While New Jersey has 150,000 teachers, just 17 have been removed for incompetence in the past decade, he has said, blaming tenure rules. The New Jersey Education Association, the union representing 200,000 current and retired school employees, spent $6.6 million on broadcast advertising last year, the most of any state lobbying group, according to the Election Law Enforcement Commission in Trenton. Many ads attacked Christie.
Union ‘Thugs’
Christie likened leaders of the state teachers’ union to “a bunch of political thugs” in an ABC News interview this month with Diane Sawyer.
“The reason I’m engaged in this fight with the teachers’ unions is because it is the only fight worth having,” Christie said to applause from his Harvard audience. He said that he has tried to focus his attacks on a system that protects poor- performing teachers instead of favoring students.
“I am prepared to ratchet down the rhetoric,” if the teachers’ union gives him an indication that they are willing to compromise, Christie said. Teacher retirements surged 95 percent last year, the largest increase of any government group, according to state Treasury Department data.
This week, New Jersey voters approved 80 percent of school budgets. A year earlier, they rejected a record 59 percent of the spending plans as Christie urged them to do so in districts where teachers had refused to accept wage freezes.
Not ‘Condoning’ Views
“I’m in no way condoning every aspect of Christie’s agenda, but he’s at least putting himself out there and I respect that,” David Donaldson, the student who invited the governor to speak, said in a telephone interview.
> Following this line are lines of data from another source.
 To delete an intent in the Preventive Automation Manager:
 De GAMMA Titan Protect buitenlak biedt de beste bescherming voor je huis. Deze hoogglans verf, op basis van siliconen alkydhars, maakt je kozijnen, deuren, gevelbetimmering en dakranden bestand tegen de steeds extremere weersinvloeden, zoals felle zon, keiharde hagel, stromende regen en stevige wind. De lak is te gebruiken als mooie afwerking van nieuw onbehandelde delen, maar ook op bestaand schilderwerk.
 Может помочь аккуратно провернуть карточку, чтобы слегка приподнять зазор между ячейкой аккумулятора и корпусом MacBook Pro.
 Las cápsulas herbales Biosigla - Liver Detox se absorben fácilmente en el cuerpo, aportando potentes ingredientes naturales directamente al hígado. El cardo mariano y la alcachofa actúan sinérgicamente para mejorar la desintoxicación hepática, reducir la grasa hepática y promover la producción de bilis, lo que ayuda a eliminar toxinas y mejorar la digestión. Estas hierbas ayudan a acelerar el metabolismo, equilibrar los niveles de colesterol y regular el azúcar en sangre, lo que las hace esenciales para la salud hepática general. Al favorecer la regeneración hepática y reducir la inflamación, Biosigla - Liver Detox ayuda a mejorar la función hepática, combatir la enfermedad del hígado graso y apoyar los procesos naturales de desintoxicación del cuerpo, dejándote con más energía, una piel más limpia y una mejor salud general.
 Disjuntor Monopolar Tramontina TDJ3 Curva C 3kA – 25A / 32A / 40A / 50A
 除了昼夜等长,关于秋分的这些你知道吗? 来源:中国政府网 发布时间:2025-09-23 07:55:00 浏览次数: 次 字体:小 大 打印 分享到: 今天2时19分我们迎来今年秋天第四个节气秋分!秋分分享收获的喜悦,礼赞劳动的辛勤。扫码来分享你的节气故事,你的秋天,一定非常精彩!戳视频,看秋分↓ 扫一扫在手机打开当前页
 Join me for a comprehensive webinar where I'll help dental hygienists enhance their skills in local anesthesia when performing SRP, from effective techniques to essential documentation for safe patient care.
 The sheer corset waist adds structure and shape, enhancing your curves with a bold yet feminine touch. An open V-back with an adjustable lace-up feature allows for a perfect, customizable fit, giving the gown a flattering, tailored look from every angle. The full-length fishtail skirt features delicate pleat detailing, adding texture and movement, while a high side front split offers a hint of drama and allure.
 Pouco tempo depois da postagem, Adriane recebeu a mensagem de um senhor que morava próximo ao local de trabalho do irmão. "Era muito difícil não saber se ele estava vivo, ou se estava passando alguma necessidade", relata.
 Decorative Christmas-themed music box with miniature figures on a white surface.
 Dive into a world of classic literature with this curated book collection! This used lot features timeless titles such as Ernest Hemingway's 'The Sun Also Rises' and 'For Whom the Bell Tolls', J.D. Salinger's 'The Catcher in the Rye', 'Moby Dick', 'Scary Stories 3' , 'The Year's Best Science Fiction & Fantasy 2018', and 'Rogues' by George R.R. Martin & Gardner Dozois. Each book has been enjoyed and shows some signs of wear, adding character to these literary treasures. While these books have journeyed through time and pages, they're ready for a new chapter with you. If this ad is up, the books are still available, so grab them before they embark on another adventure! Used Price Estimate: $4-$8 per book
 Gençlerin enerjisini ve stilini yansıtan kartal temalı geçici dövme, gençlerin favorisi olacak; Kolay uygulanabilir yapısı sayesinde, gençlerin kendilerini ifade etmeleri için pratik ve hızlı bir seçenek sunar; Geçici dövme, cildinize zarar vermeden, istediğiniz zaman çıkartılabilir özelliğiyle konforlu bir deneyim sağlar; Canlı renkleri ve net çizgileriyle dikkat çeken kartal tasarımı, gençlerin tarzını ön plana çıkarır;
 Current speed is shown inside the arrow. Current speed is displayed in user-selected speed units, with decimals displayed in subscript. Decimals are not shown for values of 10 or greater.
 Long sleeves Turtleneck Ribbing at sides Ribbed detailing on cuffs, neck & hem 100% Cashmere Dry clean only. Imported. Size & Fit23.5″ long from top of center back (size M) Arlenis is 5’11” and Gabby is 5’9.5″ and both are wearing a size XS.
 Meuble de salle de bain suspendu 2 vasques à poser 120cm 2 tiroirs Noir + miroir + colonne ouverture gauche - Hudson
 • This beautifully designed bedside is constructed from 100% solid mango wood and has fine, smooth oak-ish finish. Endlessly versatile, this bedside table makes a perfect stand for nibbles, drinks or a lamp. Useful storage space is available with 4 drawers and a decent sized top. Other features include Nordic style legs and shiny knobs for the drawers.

Donaldson, 26, is head of the Education Policy and Management Student Association speaker series at Harvard, the oldest and richest U.S. university. Other speakers this year include Randi Weingarten, president of the American Federation of Teachers, and former Florida Governor Jeb Bush.
The typical speaker event attracts about 125 people, Donaldson said. More than 400 were expected at Christie’s speech, he said.
“Christie is among the most prominent governors when it comes to education issues,” said Michael Rodman, a spokesman for the graduate school. “Certainly he’s controversial but we welcome controversy and we think his ideas should be discussed and debated.”